Düşük Kurulum Maliyeti: Gelişmekte Olan Ülkeler İçin Cazibe
Metro ile teleferik sistemlerini kıyasladığımızda, metronun birçok alanda daha üstün olduğunu görebiliyoruz. Kapasite, hız ve düzenli bakımın kolaylığı gibi konularda metro daha avantajlıdır. Ancak teleferik sisteminin metroya göre önemli bir avantajı vardır: düşük kurulum maliyeti. Halat sisteminin ve elektrik motoruyla çalışan çarkların kullanımı sayesinde teleferik sistemleri, basit yapılarıyla metroya kıyasla çok daha az maliyetle inşa edilebilmektedir. La Paz’daki teleferik ağının kurulum maliyeti kilometre başına ortalama 23 milyon dolar olarak belirlenmiştir. Öte yandan, La Paz ile benzer coğrafi ve yapısal özelliklere sahip olan Bogotá ve Medellín gibi Latin Amerika şehirlerinde metro hatlarının maliyeti ise ortalama 90 milyon dolar civarındadır. Ayrıca, teleferik ağının kurulum süresi de metroya göre oldukça kısadır; istasyonlar ve taşıyıcı kuleler için betonarme yapılar inşa edilmesi yeterlidir ve bu süreç genellikle birkaç ay içinde tamamlanabilir. Nitekim, La Paz’da altı yıl gibi kısa bir sürede 10 hatlık büyük bir teleferik ağı kurulmuştur. Bu durum, teleferiği özellikle Latin Amerika gibi gelişmekte olan ülkeler için cazip bir alternatif haline getirmektedir. Kolombiya ve Uruguay gibi ülkelerde benzer projelerin hayata geçirilmeye başlandığını görmekteyiz.
Teleferik Sisteminin Tamamlayıcı Rolü
İstanbul, Londra veya Paris gibi büyük metropollerde, teleferiklerin ana ulaşım aracı olarak kullanılması pek olası değildir.
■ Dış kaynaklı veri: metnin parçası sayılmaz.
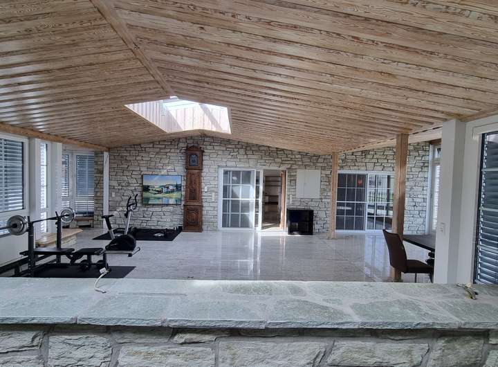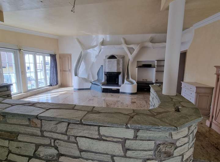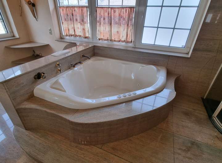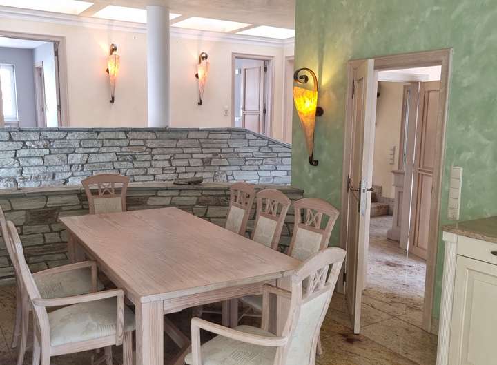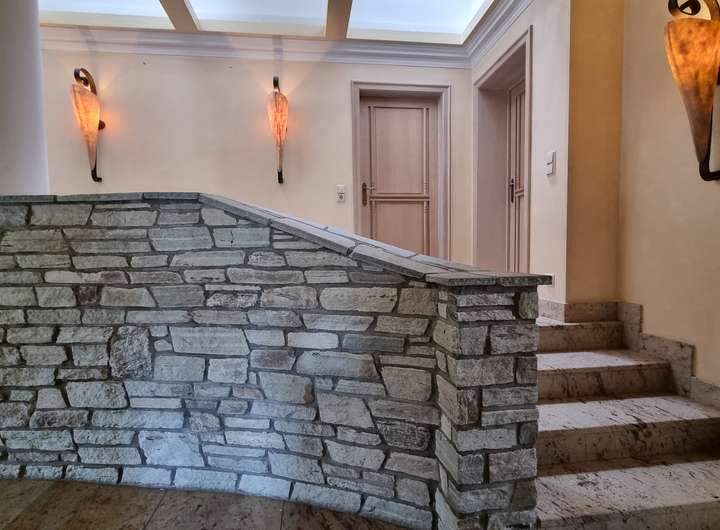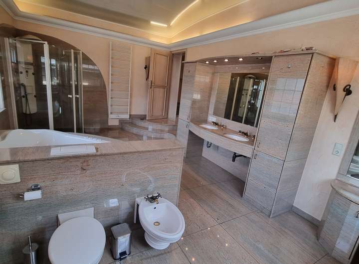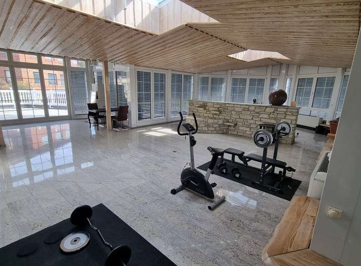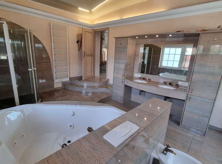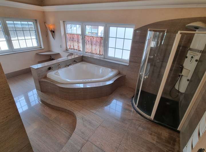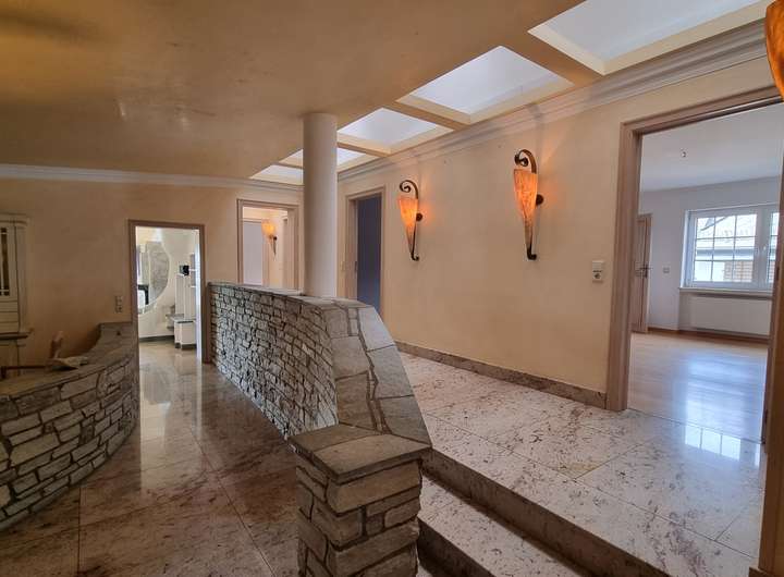 Luxuriös, Mamor, Granit, Xxl Wintergarten, Bad mit großer Badewanne und Dusche sowie Doppelwaschtisch, hochwertige Einbauküche mit E-Geräten, Wohnzimmer mit Kaminofen und beleuchteten Wasserspielen, Gäste Bad, 4 Schlafzimmer, Balkon

Ancak teleferik, belirli bölgelerde metro hatlarını birbirine bağlayarak tamamlayıcı bir unsur olarak işlev görebilir. Bu yönde projelerin ortaya çıkmaya başladığını görmekteyiz. Örneğin, Paris’te bir otoyolun iki tarafındaki semtleri birbirine bağlamak için bir teleferik hattı inşa edilmektedir. Bu teleferik, otoyolun iki tarafındaki metro duraklarını birleştirecek ve otoyolun altına tünel açmak yerine daha düşük maliyetli bir alternatif sunacaktır. Ayrıca, yolcu hacminin düşük olduğu bölgelerde teleferik hatları köprü alternatifleri olarak da kullanılabilmektedir. Örneğin, Fransa’nın Brest şehrinde yeni bir eğlence alanını şehir merkezine bağlamak için bir teleferik hattı inşa edilmiştir. Londra’da ise, yine nehir ile ayrılan iki bölge arasında hızlı ulaşım sağlamak amacıyla bir teleferik kurulmuştur. Her ne kadar Londra’daki teleferik hattının kullanımı beklentilerin altında kalmış olsa da, bu örnekler, teleferiğin şehir içi toplu taşımada geçerli bir çözüm olarak görülmeye başlandığını göstermektedir. Gelecekte bu tarz projelerin sayısının artması beklenmektedir.